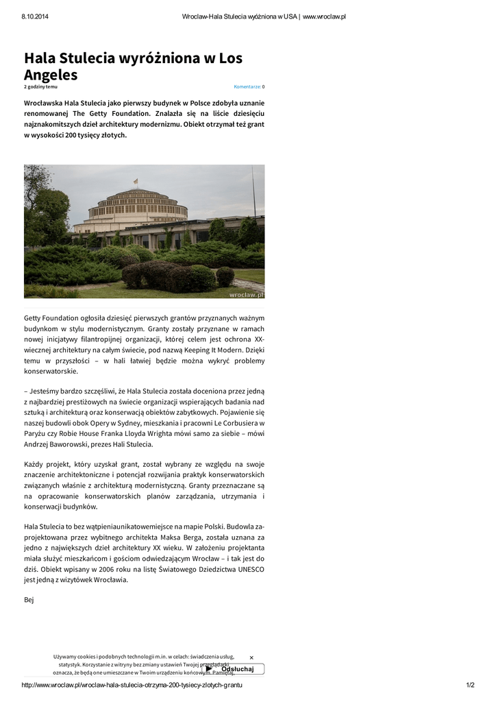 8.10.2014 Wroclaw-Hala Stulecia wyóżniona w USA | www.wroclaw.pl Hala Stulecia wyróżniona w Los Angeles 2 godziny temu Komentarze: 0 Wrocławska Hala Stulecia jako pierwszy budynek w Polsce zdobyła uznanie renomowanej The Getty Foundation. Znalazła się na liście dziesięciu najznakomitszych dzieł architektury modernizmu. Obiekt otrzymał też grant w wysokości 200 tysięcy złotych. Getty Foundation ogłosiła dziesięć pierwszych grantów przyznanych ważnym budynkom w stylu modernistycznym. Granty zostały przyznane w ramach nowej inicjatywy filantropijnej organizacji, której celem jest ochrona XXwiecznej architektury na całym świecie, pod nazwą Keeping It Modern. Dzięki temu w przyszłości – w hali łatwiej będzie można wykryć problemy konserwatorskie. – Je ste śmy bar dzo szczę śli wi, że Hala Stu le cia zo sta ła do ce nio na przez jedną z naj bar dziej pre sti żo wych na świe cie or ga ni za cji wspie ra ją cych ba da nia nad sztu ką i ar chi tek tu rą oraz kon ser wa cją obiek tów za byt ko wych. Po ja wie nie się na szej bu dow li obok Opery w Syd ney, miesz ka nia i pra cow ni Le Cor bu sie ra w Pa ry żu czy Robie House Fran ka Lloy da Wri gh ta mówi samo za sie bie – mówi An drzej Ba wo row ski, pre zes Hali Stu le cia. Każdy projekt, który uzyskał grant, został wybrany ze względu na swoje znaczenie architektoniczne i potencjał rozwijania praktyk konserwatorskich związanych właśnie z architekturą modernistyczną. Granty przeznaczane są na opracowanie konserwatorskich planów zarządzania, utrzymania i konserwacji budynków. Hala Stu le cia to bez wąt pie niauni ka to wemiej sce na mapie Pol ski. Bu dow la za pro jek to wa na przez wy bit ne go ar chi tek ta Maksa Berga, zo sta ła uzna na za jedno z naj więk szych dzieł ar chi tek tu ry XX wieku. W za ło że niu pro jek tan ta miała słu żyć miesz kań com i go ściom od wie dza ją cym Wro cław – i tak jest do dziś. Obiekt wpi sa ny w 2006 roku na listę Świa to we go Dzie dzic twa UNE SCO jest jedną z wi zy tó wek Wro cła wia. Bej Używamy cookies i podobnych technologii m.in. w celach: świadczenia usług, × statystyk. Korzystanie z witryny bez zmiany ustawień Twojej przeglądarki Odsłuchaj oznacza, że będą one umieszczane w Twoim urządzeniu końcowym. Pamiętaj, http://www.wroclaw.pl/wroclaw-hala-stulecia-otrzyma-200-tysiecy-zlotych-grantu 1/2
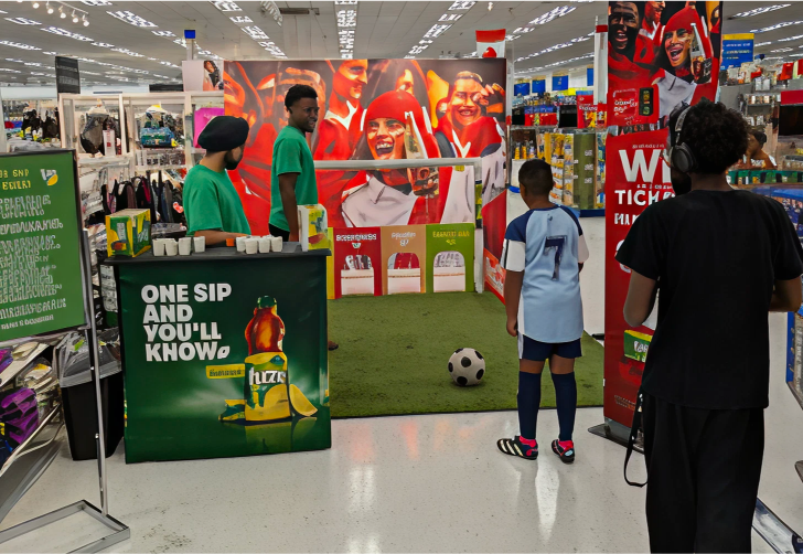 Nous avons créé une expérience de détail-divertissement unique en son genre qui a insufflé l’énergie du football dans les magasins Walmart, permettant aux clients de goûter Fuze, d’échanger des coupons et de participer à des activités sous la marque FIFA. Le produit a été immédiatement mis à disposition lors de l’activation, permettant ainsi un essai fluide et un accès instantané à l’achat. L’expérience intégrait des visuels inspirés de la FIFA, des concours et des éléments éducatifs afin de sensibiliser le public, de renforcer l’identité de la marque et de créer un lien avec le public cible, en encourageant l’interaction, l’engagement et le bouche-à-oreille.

--

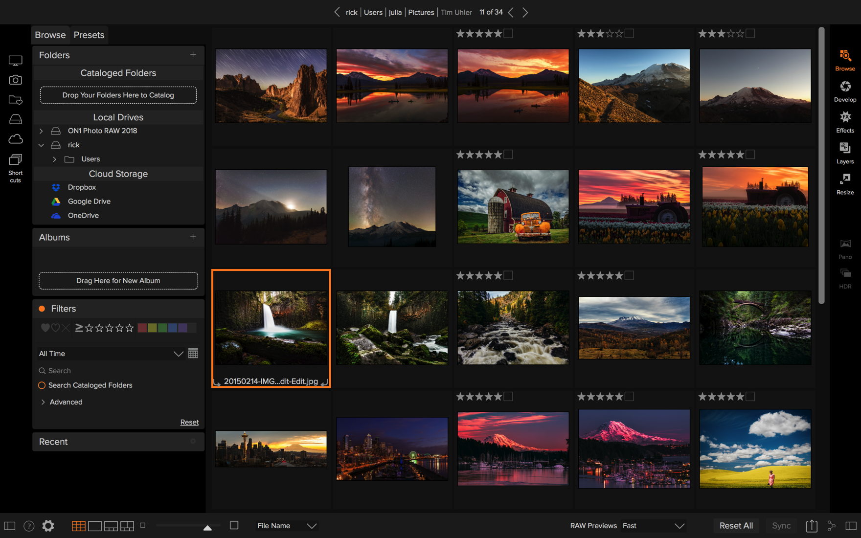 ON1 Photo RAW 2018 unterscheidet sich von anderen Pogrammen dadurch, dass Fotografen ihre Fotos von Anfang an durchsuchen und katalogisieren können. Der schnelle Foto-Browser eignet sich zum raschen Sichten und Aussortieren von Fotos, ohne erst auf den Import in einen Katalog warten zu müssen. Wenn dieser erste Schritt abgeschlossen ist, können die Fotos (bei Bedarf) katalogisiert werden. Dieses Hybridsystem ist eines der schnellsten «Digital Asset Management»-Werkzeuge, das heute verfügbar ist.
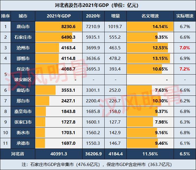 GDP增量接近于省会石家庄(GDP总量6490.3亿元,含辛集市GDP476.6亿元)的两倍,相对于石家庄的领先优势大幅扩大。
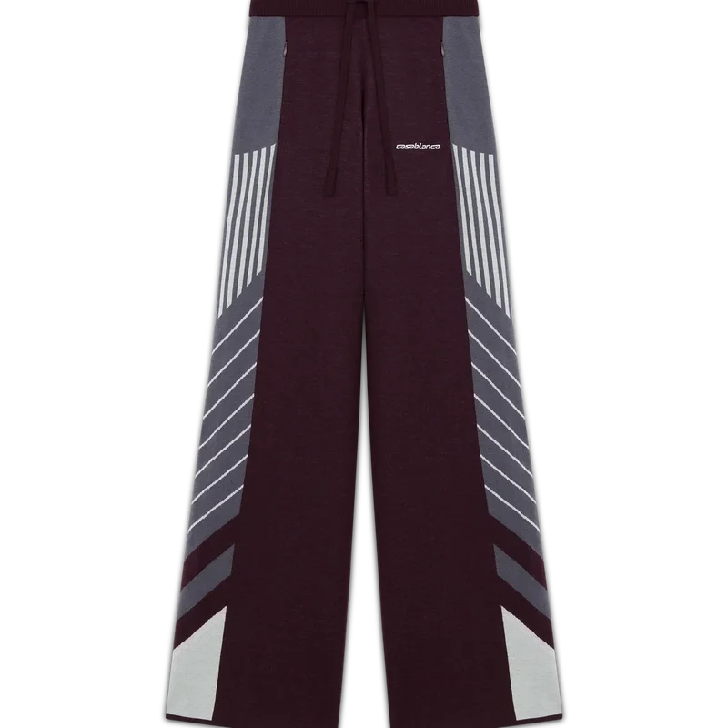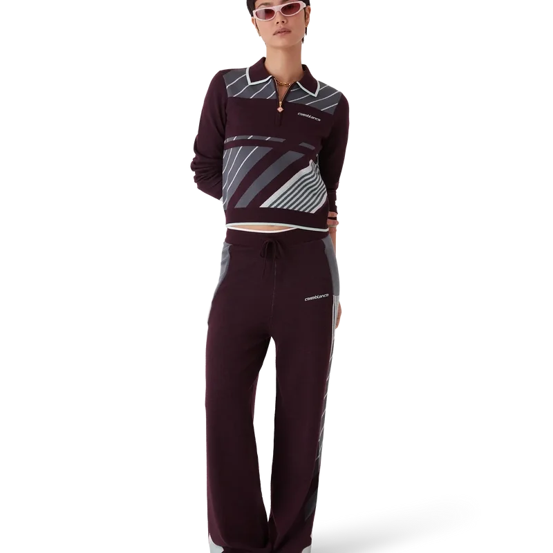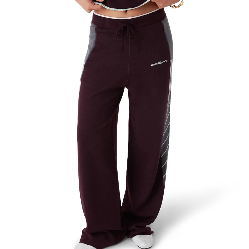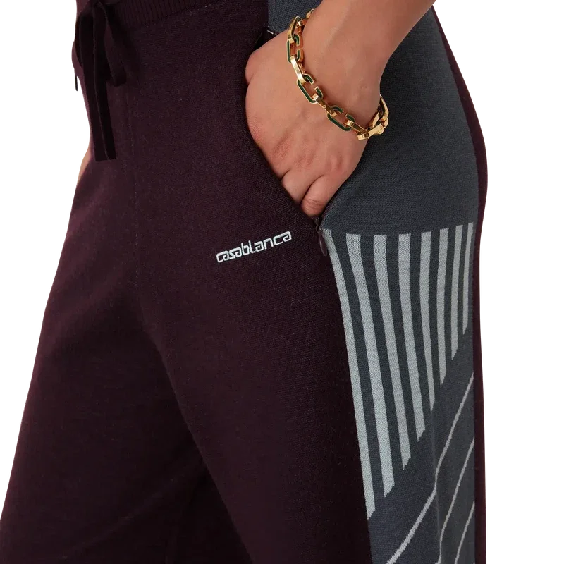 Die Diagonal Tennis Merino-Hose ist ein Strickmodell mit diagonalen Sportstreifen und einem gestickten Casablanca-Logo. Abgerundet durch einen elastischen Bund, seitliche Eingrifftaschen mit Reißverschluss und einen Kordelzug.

◆ ACTION ITEM
Write out word for word the lines above that run from the one with "GDP增量接近于省会石家庄(GDP总量6" to the one with "Die Diagonal Tennis". Include both end lines; exclude the images.

◆ ANSWER TO THIS TASK
 GDP增量接近于省会石家庄(GDP总量6490.3亿元,含辛集市GDP476.6亿元)的两倍,相对于石家庄的领先优势大幅扩大。
 Die Diagonal Tennis Merino-Hose ist ein Strickmodell mit diagonalen Sportstreifen und einem gestickten Casablanca-Logo. Abgerundet durch einen elastischen Bund, seitliche Eingrifftaschen mit Reißverschluss und einen Kordelzug.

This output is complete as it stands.